Wednesday, January 10, 2007

"There's a fungus among us...and other cool stuff"

My pup Mercy is like the U.S. Mail (supposedly...) in that neither rain, nor sleet, nor hail will stop her daily desire for romping au naturale. Unlike the USPS, she doesn't take holidays off, and wants that run through the woods as soon as I get home from the station.
I usually keep a camera handy in case something really neat crops up; didn't feel like carrying the big camera, so I took along my Canon S2 which has a great macro capability...and found a world of interesting images which I wanted to share in this post, just little stop-and-shoot "plinks", as I like to call 'em.

And here it is January...where humanoids feel the vapid sense of a 'vacuum' from the Holiday" gauntlet"...wherein trees (except many beech and birch) have long since shed their leaves...

(enlarge and check out the little bugger on the fungal plains)

...where most two-leggeds think of Nature as rather 'lifeless', which could not be farther from the truth...


...we need only to change our perspective to realize that while many mechanisms have slowed down, they most certainly have not stopped.

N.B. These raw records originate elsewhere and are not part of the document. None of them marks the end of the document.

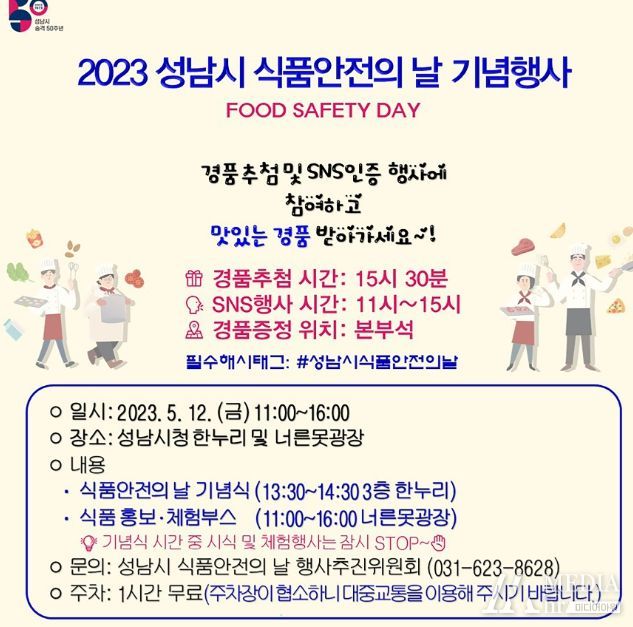 미디어아워 진금하 기자 | 성남시는 ‘제22회 식품안전의 날(5.14)’을 앞둔 오는 5월 12일 시청 곳곳에서 관련 행사를 연다.
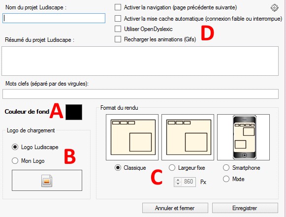 B – Permet de changer le logo de chargement de la page (par défaut Ludiscape)
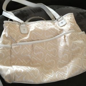 Cream colored bag with matching makeup zipper pouch. Side pockets and pockets in front and back.
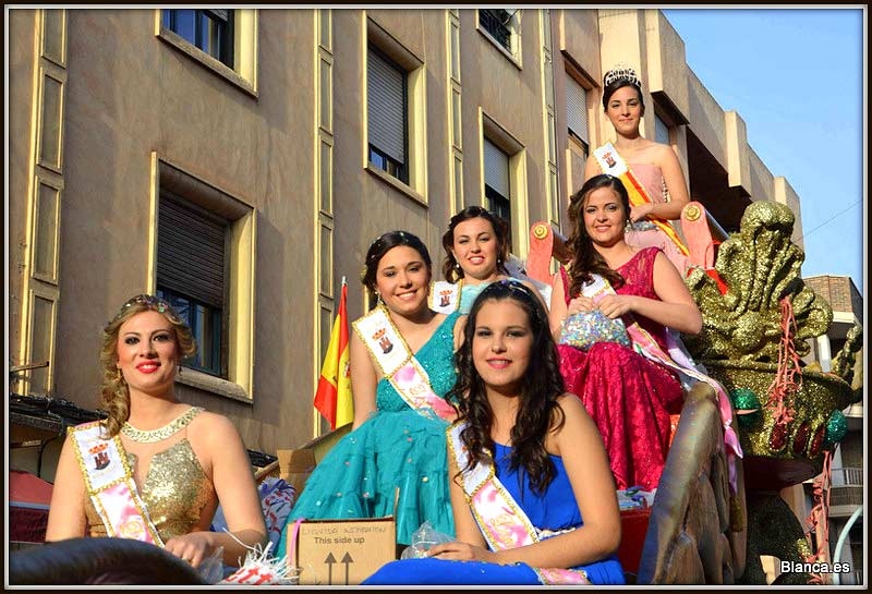 La charanga ‘Los Informales’, de Blanca, pusieron el tono festivo animando la carroza en la que se dejaron ver las guapísimas y elegantes reinas de las fiestas y a su corte de damas de honor que cerraron la comitiva. Tampoco faltó la carroza de la Asociación de Mujeres de Blanca y la de la Residencia de Ancianos, que animaron el desfile de una manera muy especial.
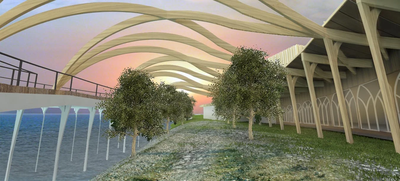 Pedestrian access is along the garden path designed for the southern shore, bringing pedestrians past the Festival venues, and through the bosque of the primary venue. Vehicle access is from the north, swinging around to connect to the building on the northern side, so as not to disturb the garden. However, the garden path is handicap accessible along its length.

And so I ventured to look more closely at the forest floor of the woods in which I walked...as well as the grassy field next to it...and found a neat world of fungi and more...from the little 'shrooms...to the epiphytic tree ferns...

...to those who were keeping the chlorophyll action going, like the clovers, here, bejeweled with rain drops from our spring-like January rains just the day before...



...all were still 'doing their thing' in all their glory. Let this serve as our tribute to their wintertime moxie...

(Don't forget, you can click on the above pics to enlarge them for a closer look...)










Oh, yeah, how can you tell this is a Dogwood tree?




..........By its 'bark', of course.......


2 comments:

Anonymous said...

Wow Bob ... great photography. And Nature IS just awesome, isn't it? In the rush of daily living, 99.9% of the population misses what's right before their eyes, or they don't take TIME to see what COULD be right before their eyes.

You know, 200 years ago (quite literally), early 19th century poet William Wordsworth wrote a sonnet called "The World Is Too Much With Us". From what I remember:
"The world is too much with us; late and soon,
Getting and spending, we lay waste our powers;
Little we see in Nature that is ours;
We have given our hearts away, a sordid boon!
This Sea that bares her bosom to the moon,
The winds that will be howling at all hours,
And are up-gathered now like sleeping flowers,
For this, for everything, we are out of tune;
It moves us not .... "

That's all I remember at the moment, but it's enough.
What do you suppose Wordsworth would think of our world/culture NOW in 2007 ??!!! Ugh.

Suzy :)

Bob Child said...

Amen to that, Suzy! Many thanks. What would ANYone from a bygone era think of what we are doing to the earth, the environment, our communities today? Chief Standing Bear, a late Ponca chief, was quoted as saying, "Man's heart away from Nature becomes hard." Too many of us have gotten away from our respect and admiration of Nature in all of Her greatness and microcosms. The answer? To each carry our own torch of Rememberance, whose collective Awareness WILL make a difference...hopefully before it's too late.